● Task objective
Omit any picture, and return the remaining data exactly as written.

Information provided below:

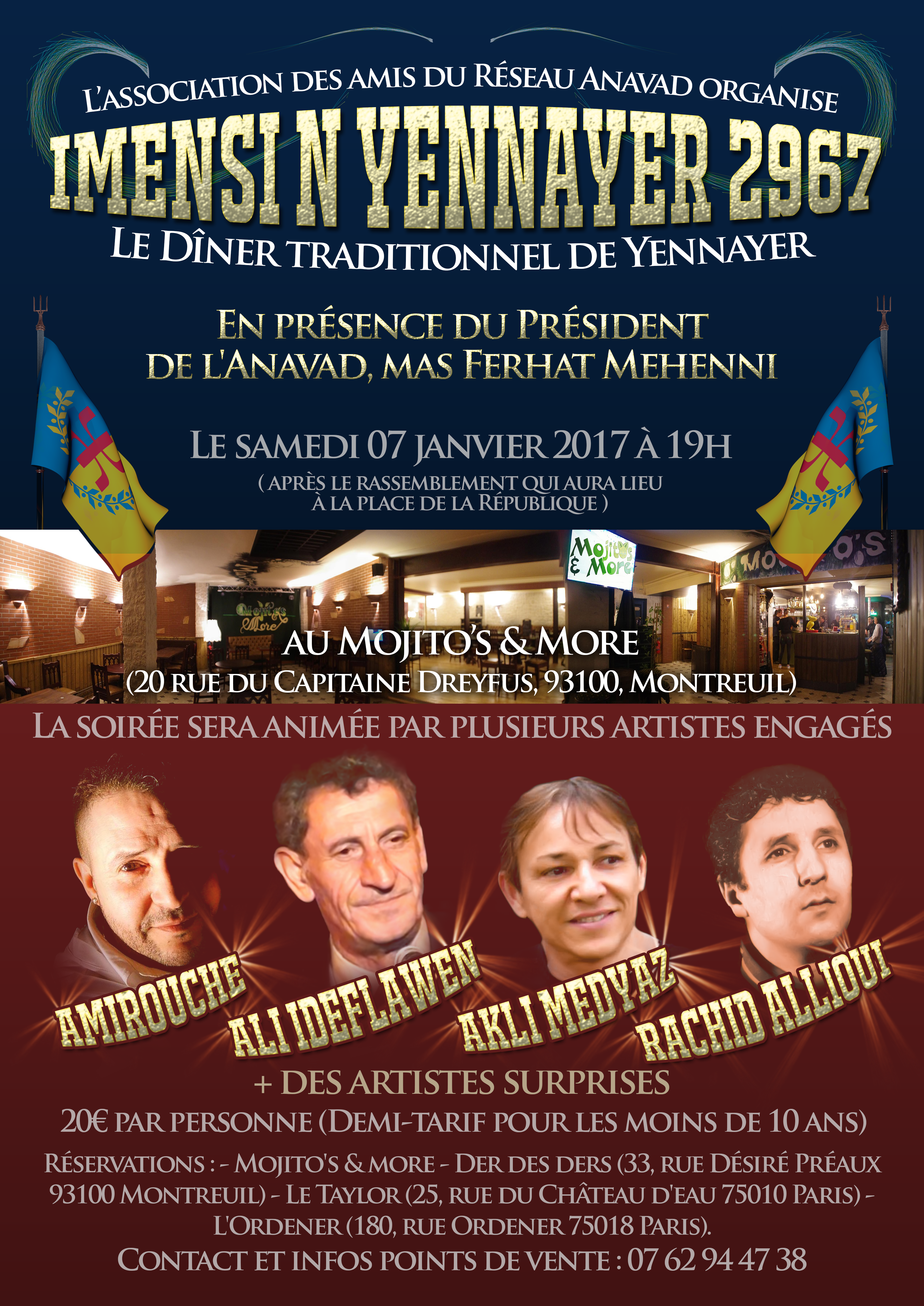 L’événement (dîner + soirée artistique) aura lieu au Mojito's & More, 20 rue du capitaine Dreyfus, 93100, à Montreuil. Le prix d'entrée est de 20€ par personne (demi-tarif pour les moins de 10 ans)
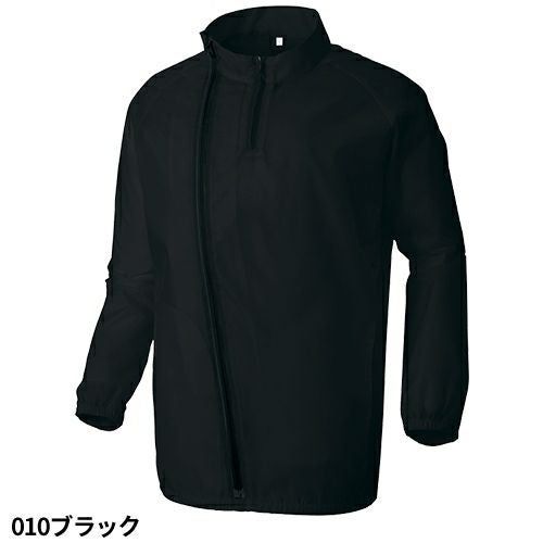 フロントファスナーをアシンメトリーに配置し、デザインにアクセント。 フロントファスナーがアシンメトリーに配置されているので、フロントに大きなプリントをすることも可能です。スタッフのユニフォーム(スタッフブルゾン)にぜひどうぞ。
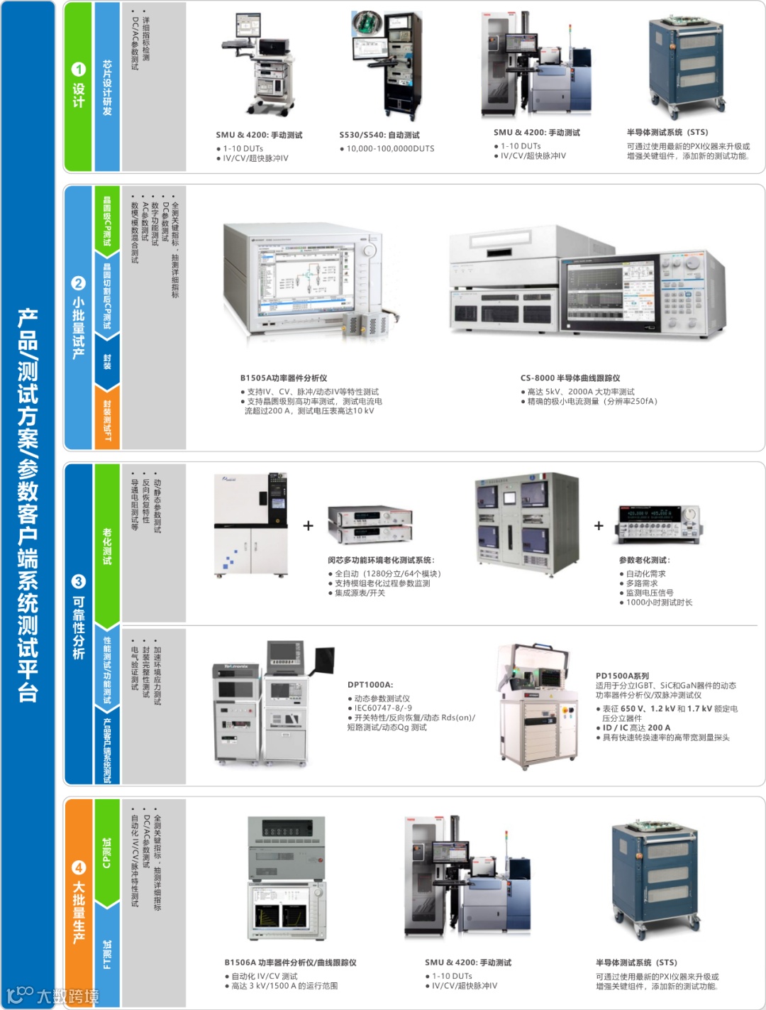 随着新能源汽车、高速铁路、高速光电传感器、大功率照明设备的不断发展,使用的半导体器件功率越来越大,电压和电流的增大为测试带来了新的挑战。

End of Information provided.

● Worked solution
 L’événement (dîner + soirée artistique) aura lieu au Mojito's & More, 20 rue du capitaine Dreyfus, 93100, à Montreuil. Le prix d'entrée est de 20€ par personne (demi-tarif pour les moins de 10 ans)
 フロントファスナーをアシンメトリーに配置し、デザインにアクセント。 フロントファスナーがアシンメトリーに配置されているので、フロントに大きなプリントをすることも可能です。スタッフのユニフォーム(スタッフブルゾン)にぜひどうぞ。
 随着新能源汽车、高速铁路、高速光电传感器、大功率照明设备的不断发展,使用的半导体器件功率越来越大,电压和电流的增大为测试带来了新的挑战。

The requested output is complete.